As mentioned, she’s a great writer, and she weaves in quotes and insights from the world’s great spiritual teachers (Buber, Merton, Rumi, etc) in an effective way. But I was also very frustrated by the book. For one thing, I wanted her to mature more. Toward the end, she talks about the importance of community over individualized practice, and about the value of day-to-day observance versus moments of religious ecstasy- both important points. But I still had the sense that while she is several degrees removed from the flush of conversion (she was born Jewish, but in a practical sense “converted” to a set of practices and outlooks very far from what she was brought up with), she is still lingering in that stage.
For one thing, she remains enamored of ritual law. She mentions how rabbis debated over the most minute aspect of Jewish laws — to her this is an example of religious people seeing God’s divinity shining through the mundane details of life. Personally, I think that’s an overly kind way of seeing it. Debating over minute details has some serious downfalls, especially went put into practice, yet she seems to see no potential dark side here.
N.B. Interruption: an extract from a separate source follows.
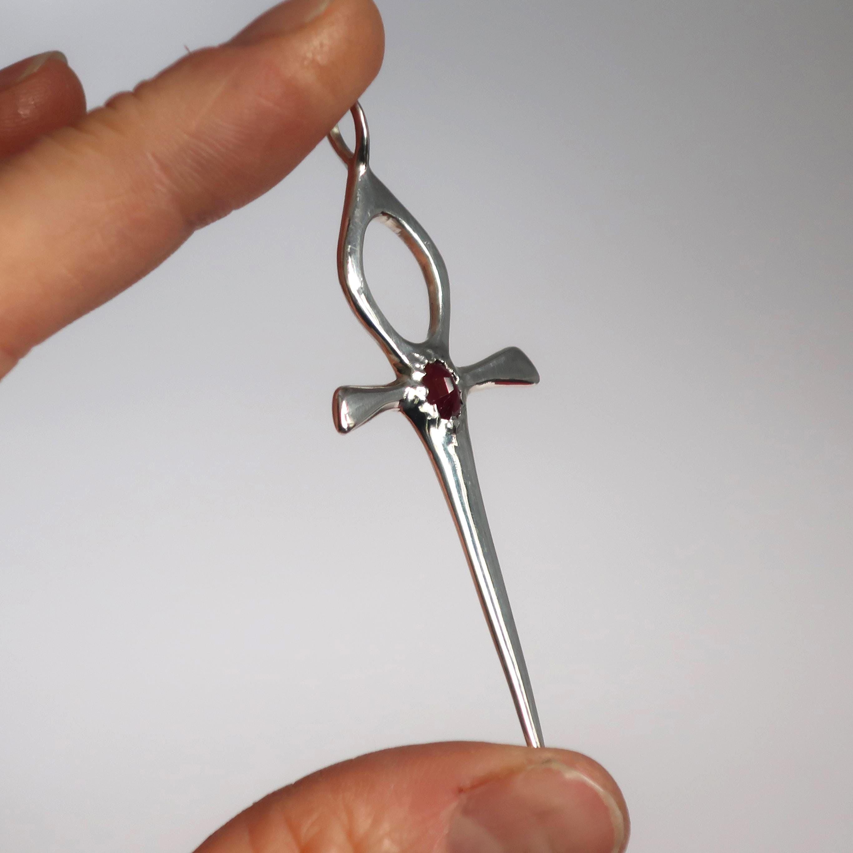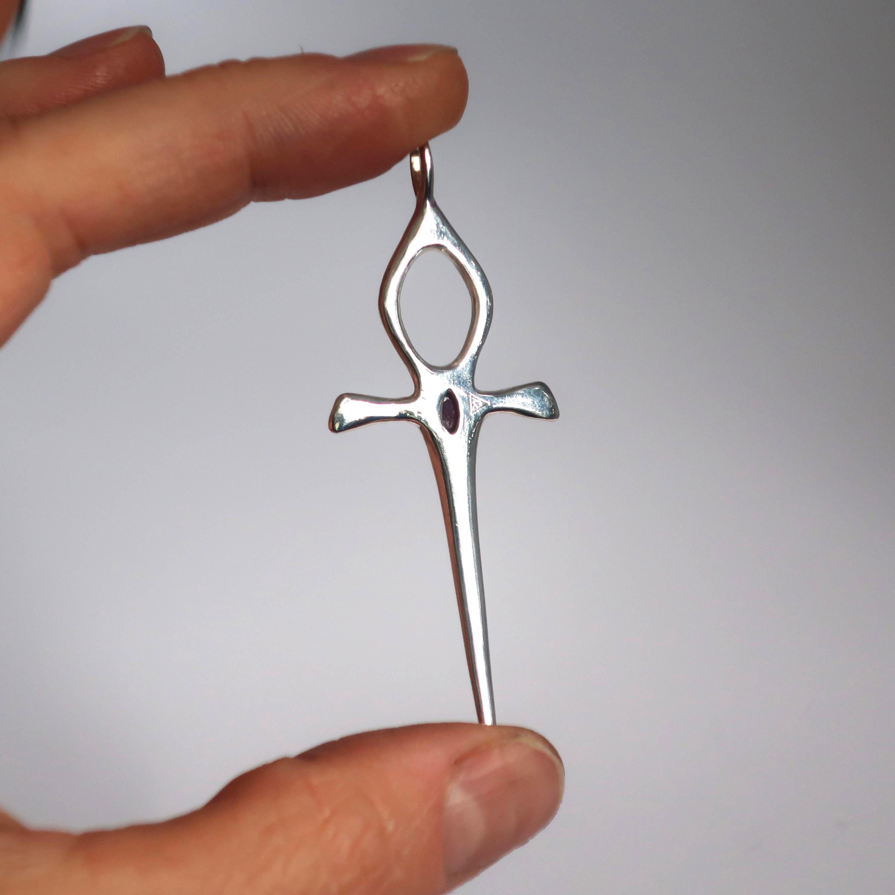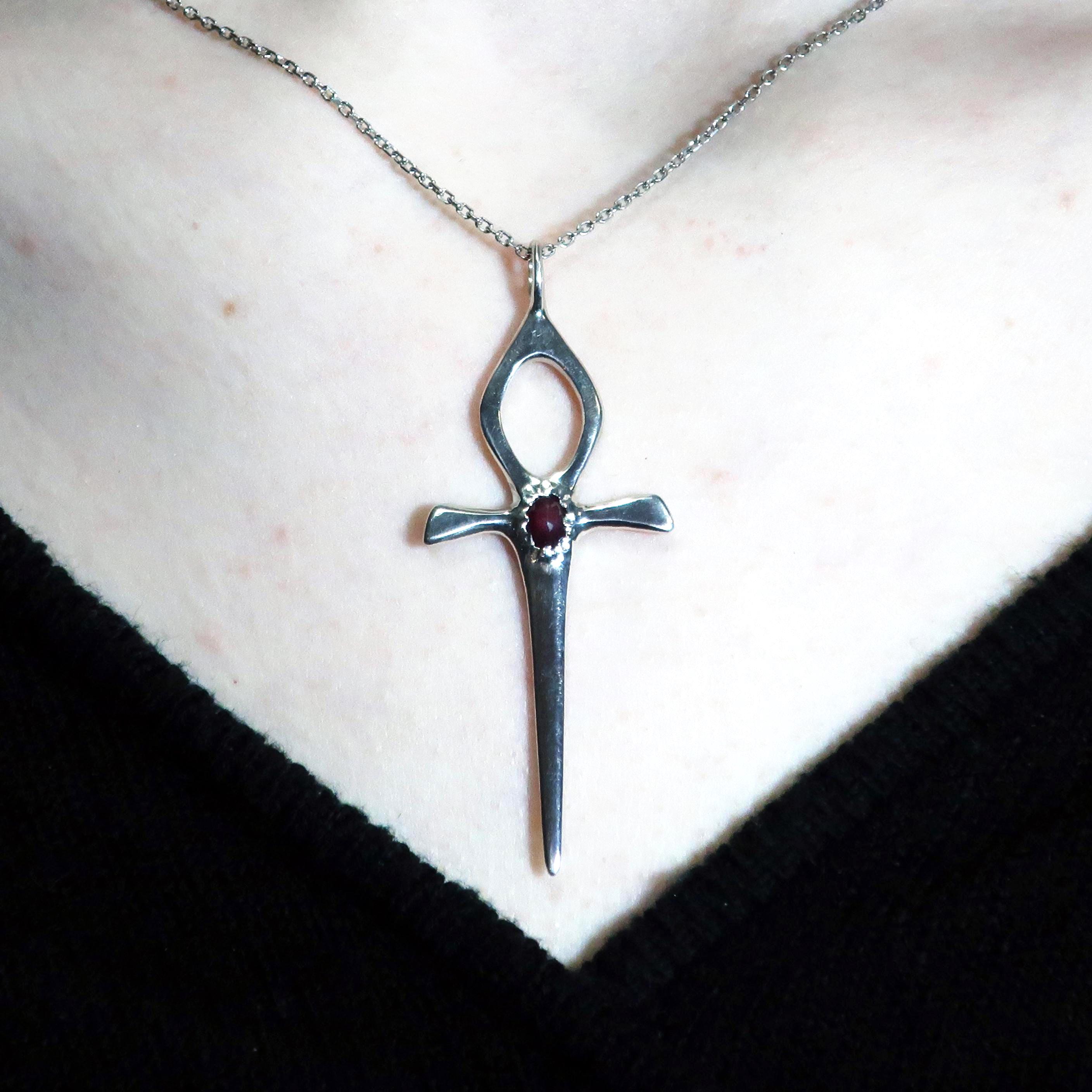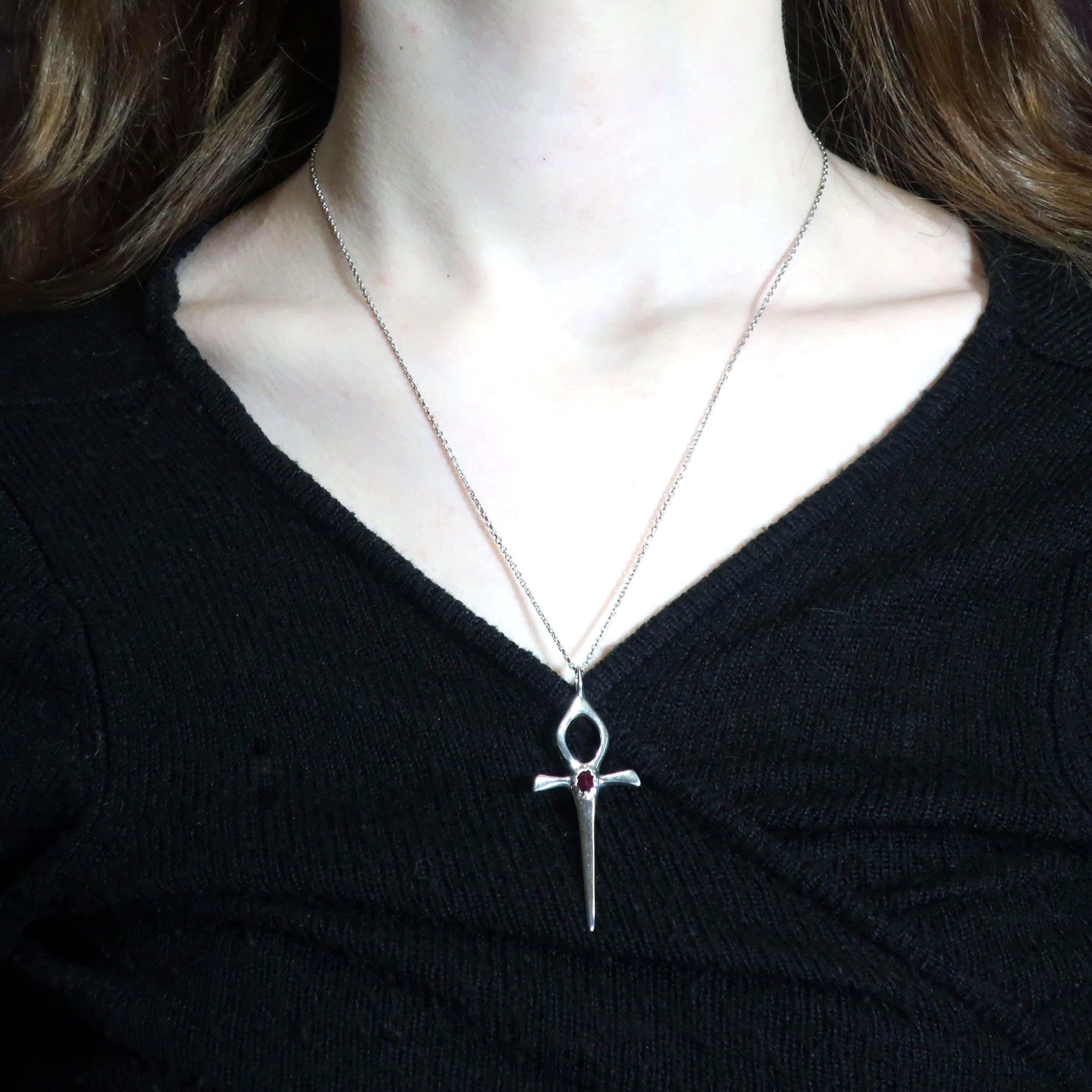 This Ankh Dagger is cast in solid Sterling Silver and set with a genuine 6mm x 4mm faceted deep red ruby. The pendant measures 6.2 cm tall (including bail) x 2.4 cm wide and weighs approximately 4.7 grams.

Ruttenberg experiences the rules and rituals as her own choice, which is fine — that’s her experience — but she does not much consideration to the fact that this very modern experience of “choosing to practice” is not something most Jewish folks, or religious folks, have shared. In other words, if she grew up traditionalist Jewish community, would she still feel the same way about being all Jewish all the time? She gives only a passing nod to the idea that religion can be a negative force in the world — I would very much like to discuss with her, for example, Shalom Auslander’s memoir about the horrors of growing up in his own dysfunctional, frum family. Finally, part of the promised juicyness of the book is hearing how Danya reconciles her feminism — and breezily described bisexualism/lesbianism — with her embrace of traditional Jewish law. Last time I checked, there were some serious issues there! She mentions how she wears a kippa and tzitzit and tefillin — items usually used by men only — but doesn’t deal with other issues, like divorce rights, or rules about menstruation. Did she ever have a moment when the wrong-headedness of those rules forced her to question the essential truths in her faith? If one rule is bad, in what sense are other still valid? I’d like to hear her wrestle with those questions.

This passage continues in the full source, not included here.